India has emerged as the leading choice for foreign direct investment (FDI), a latest survey of multinational corporations (MNCs) has revealed. The survey, conducted by the Confederation of Indian Industries (CII) and EY found, India is set to become one of top three destinations for FDI inflow by 2025.
As per the respondents, the country’s market potential, skilled workforce and political stability are the three key reasons that make India their favoured destination. Further, availability of cheap labour, policy reforms and availability of raw materials, are positive factors that boosts India’s prospects. Recently enacted reforms in the country such as corporate tax cuts, measures to improve ease of doing business, simplification of labour laws, FDI related reforms and its focus on human capital, helped India’s image as a destination for FDI.
More than 67 per cent of the MNC respondents said, India is among their top choices for future investments. While among foreign MNC respondents, 25 per cent view India as the first choice for future investments. The survey shows that more than 80 percent of all the respondents and 71 percent of the non-Indian headquartered respondents plan to make investments globally by 2023. And about 30 percent of companies are planning to invest more than US$ 500 million (Rs 3,700 crore).
“The CII-EY survey results strongly indicate that India will be the next global investment hotspot with a high proportion of MNCs placing it at the top of their investment agenda. The recent major structural reforms, proactive Government processes and the quick pickup in economic activity following Unlock measures are contributing to global investor interest,” said Chandrajit Banerjee, director general, CII.

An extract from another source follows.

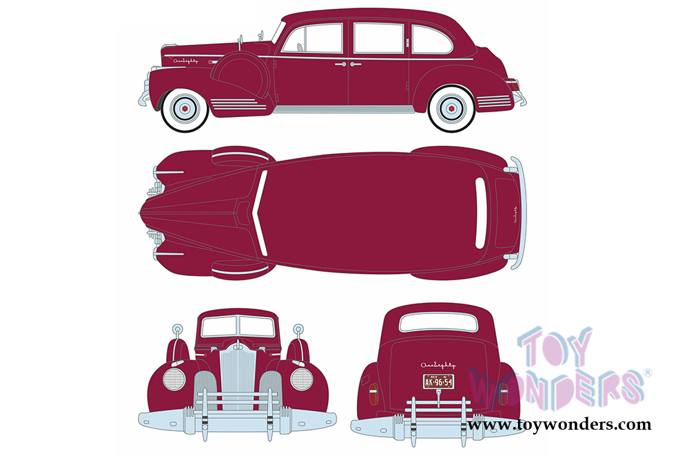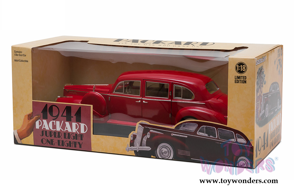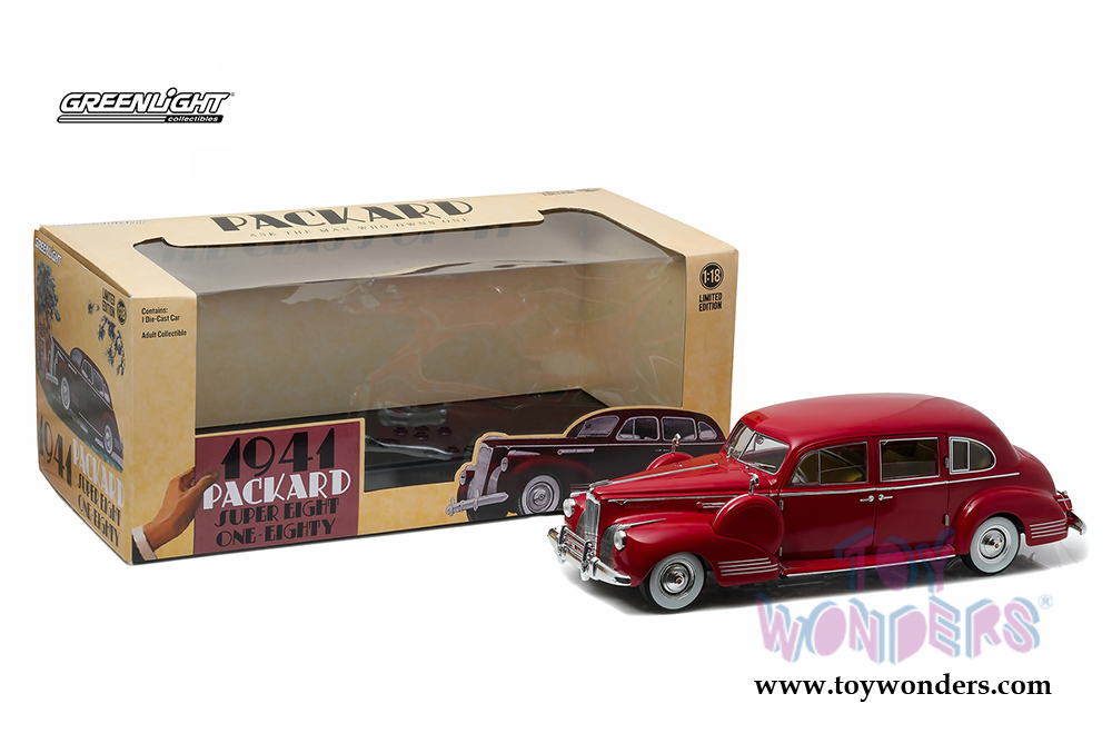 12971 Greenlight - 1941 Packard Super Eighty One - Eighty Hard Top. 1:18 scale diecast collectible model car. This Packard is a 12.5"L x 4"W x 3.5"H die-cast collection car with openable doors and hood. This '41 Packard SuperEighty One-Eighty is manufactured by Green Light. Item 12971 is in Laguna MAROON color. Individually packed in a vintage Packard Themed window box. Box size: 15.75"L x 7.5"W x 6.25"H.
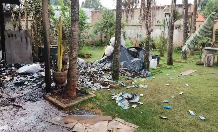 No local, no Jardim Recreio Lago dos Paturis, foram localizados vários sacos de parafina e cinco botijões de cozinha dentro da piscina da chácara.

As per the survey, effective implementation of labour laws and FDI reforms are being cheered by 40 per cent of the foreign MNCs, while 52 percent of the Indian firms said, corporate tax rate reduction would be the prime mover of future investments.
Since the pandemic hit the economy, FDI inflows have suffered. According to Department for Promotion of Industry and Internal Trade, FDI equity inflows into India contracted by 60 per cent year-on-year to $6.56 billion (Rs 49,820 crore), from $16.33 billion, during April-June quarter.
Respondents suggested a bunch of measures that need to be taken to further improve India’s prospects. Infrastructure development, faster clearances, implementation of the improved labour laws and labour availability as the most important issues that the companies want the government to focus on, apart from investment in R&D, focus on innovation and overall tax reforms.